In reality, the R100 billion fund is being used to create jobs similar to the Expanded Public Works Programme (EPWP).
The 800 000 jobs being touted will not even replace the 2.2 million lost over the past quarter and they are essentially job opportunities, defined as a minimum of four hours of work per day, temporary in nature and with no benefits.
Hardly what the ANC would consider a decent job.
There is also an ambition to buy local, including 40% procurement spend on township business as well as on women owned business. South Africa has had a Proudly South African campaign to encourage localised purchased for well over a decade, and what it has shown is that spending on local produced goods is driven by price, quality and service rather than sentiment and once again, government will ned to demonstrate what it will do differently.
The third area of intervention is the boost to industrial growth.
“This is in the context of a steady decline of our manufacturing base over many years,” Ramaphosa said.
“To place our economy on a new trajectory, we are going to support a massive growth in local production and make South African exports much more competitive. We will build on the work that was being done in several areas before the pandemic struck.”
It is not clear what government aims to do differently now The Industrial Policy Action Plan, launched in 2009 by former Trade and Industry Minister Rob Davies has now gone through ten iterations and from an initial four identified sectors, it has since evolved to cover virtually every industrial sector and apart from the incentive driven automotive sector programme, it has little to show in manufacturing jobs created or sustained.
One of the disappointing, in fact shameful, aspects of the COVID-19 countering strategy has been the R200 billion loan guarantee scheme announced as part of the R500 billion rescue package.
Ramaphosa confirmed that only R 16.4 billion of that amount has been lent out and he has had strong words with leadership of banks that he believes they can and should have done more.
The scheme now feels like a scam, with a design flaw which ensured that most businesses which needed assistance would not qualify for it.
Banks have insisted on helping businesses which are in good standing and were self-sufficient before the pandemic. What this means is that the money ended up reaching people who would have qualified even if the scheme had not been put in place.
The SA Reserve Bank tweaked the criteria to remove the revenue threshold from R300 million revenue to unlimited to increasing the payment holiday from three to six months.
But even that has not been enough to broaden the beneficiary base, and banks point out that the Reserve Bank simply stated hat if they lend to high risk clients that guarantee will not be covered.
So the R200 million of the R500 million has barely been touched, of the remaining R300 billion, about half or R160 billion is from reprioritised spending, which means only R140 billion is new money.
Of that, R2 billion was flushed down the drain in PPE tender corruption.
There really was no help for the SA economy.

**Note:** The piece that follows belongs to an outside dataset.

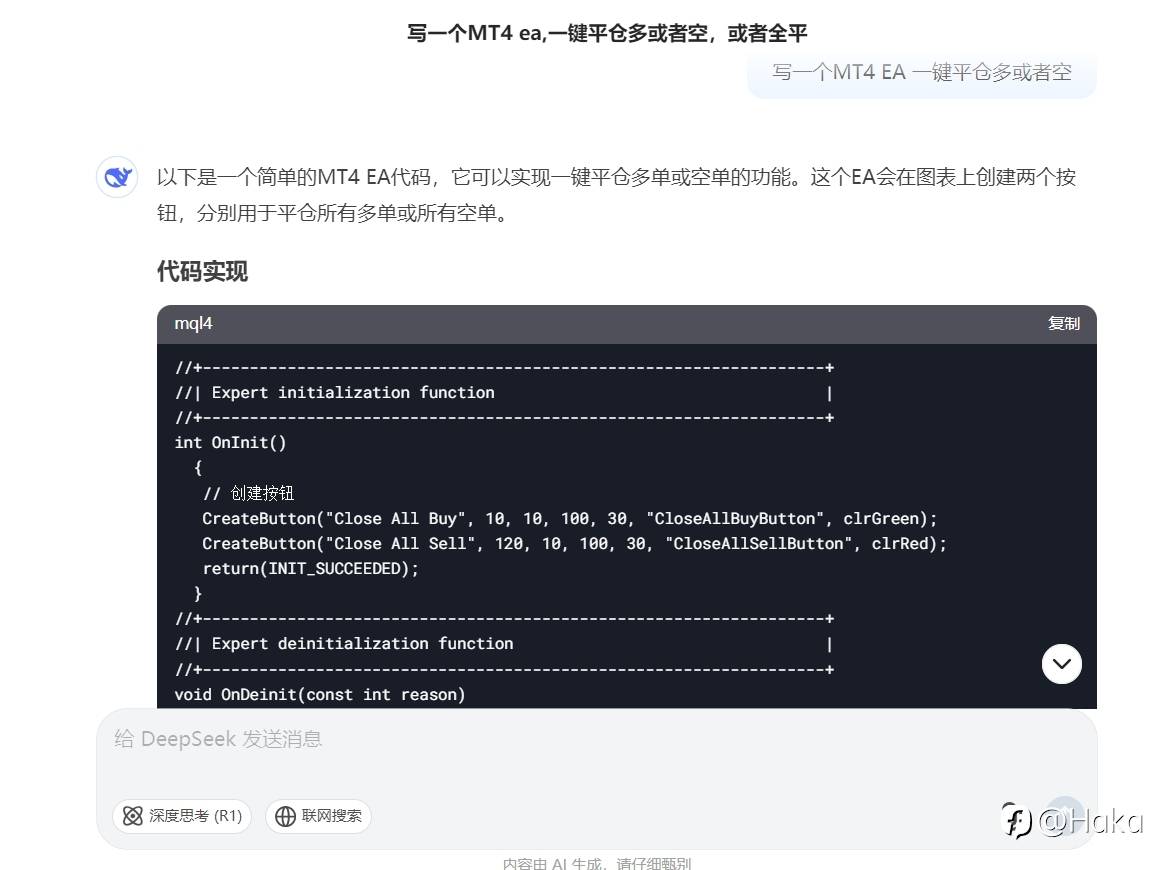 以前随便找人写个EA不得花个几百,甚至上千不只。有了DeeSeek,得砸掉多少人饭碗。多少人失业。举个最简单的例子:

Yet Ramaphosa took time off to praise the Reserve Bank for its “swift action” during the pandemic for its 275 basis points rates cut and purchase of government bonds.
Yet the Reserve Bank is sitting on a 3,5% cushion for further cuts and its bond programme was at its strongest in April and has since petered out.

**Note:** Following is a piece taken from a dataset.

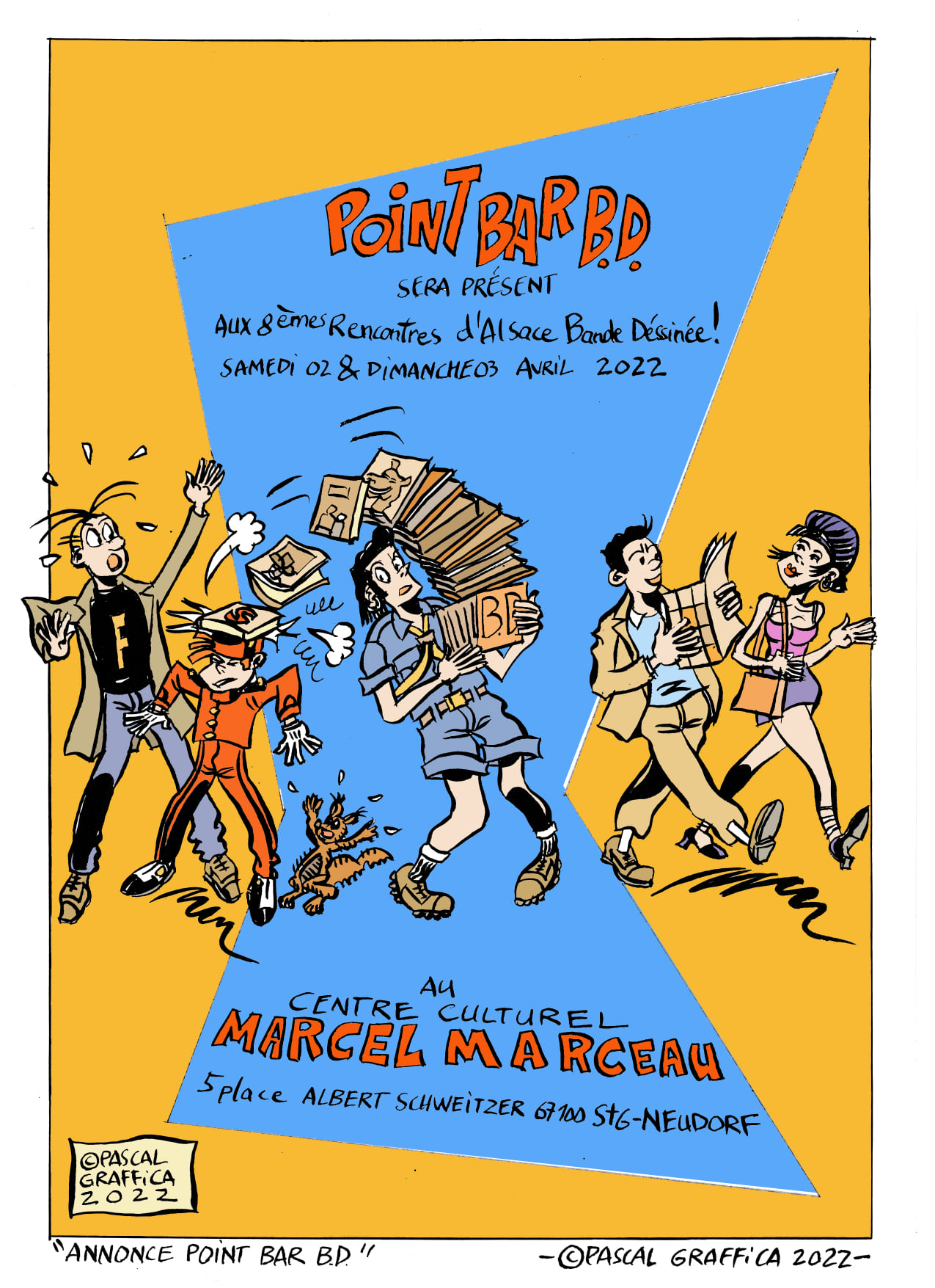 Tous les jeudis, de 19h30 à 22h00, l'équipe de Point Bar BD se réunit au Marché Bar pour trouver les thèmes des numéros, choisir le contenu, discuter BD, éventuellement vendre et dédicacer le fanzine et les albums de ses auteurs présents.Le BBCCF! Le nouveau fanzine bd mensuel tout en couleur 8 pages de GRAFFICA ! Le premier numéro est gratuit sur demande à la même adresse que POINT BAR BD.Le cro-Bar qui fait un duel avec lui-même, vu que c'est à la fois le dernier de 2021 et le premier de 2022 ; mais toujours au saloon le Marché Bar, un jeudi soir au coucher du soleil.A la salle MARCEL MARCEAU au Neudorf le 02 et 03 AVRIL !

And the bank is sitting on R900 billion in reserves unused.
What it now feels like Ramaphosa should have done is instead of approaching International donors to assist with COVID emergency spending, Ramaphosa should have sought to raise R1 trillion and pledge the country’s reserves as security and use the money spend on infrastructure and turn South Africa into the Sub Saharan Africa’s export and growth anchor, generating sufficient growth to pay bac the money over twenty years.
The biggest risk with that approach would have been the amount lost to corruption or a failure to properly implement reforms, which would leave South Africa a poor highly indebted country.
That is an alternative we cannot afford.